I watch the ripples change their size
But never leave the stream
Of warm impermanence
And so the days float through my eyes
But still the days seem the same
And these children that you spit on
As they try to change their worlds
Are immune to your consultations
They're quite aware of what they're goin' through

Friday, August 11, 2017

Linkee-poo hopes the Russians love their children, too.
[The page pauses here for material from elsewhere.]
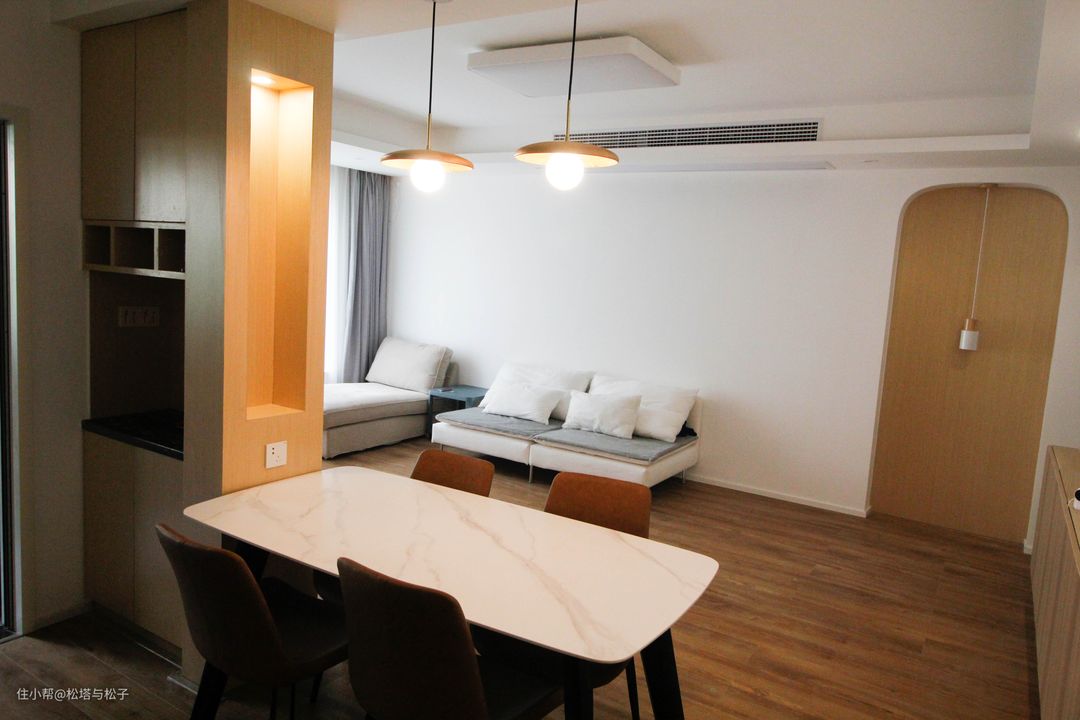 将餐桌区作为客厅与玄关的软隔断,延续了一整排贝达带来的视觉延伸感,轻松摆下1.6米的岩板餐桌,以后有事没事跑来蹭老爸的饺子才方便。

If you're on Twitter and aren't following my friend, Jim Wright, YTF not? Jim did a great service this past week exposing troll tactics, how to recognize a bot, and what to do about it. His final analysis? The US is currently under an information warfare attack. Guess who it's coming from (why, it might be the people who monitored this site last summer :: waves to all my Russian friends ::)

The entire Star Wars Episode IV in one graphic. It's a very long graphic. (Grokked from John)

Patagotitan mayorum, the new kid on the (old) block.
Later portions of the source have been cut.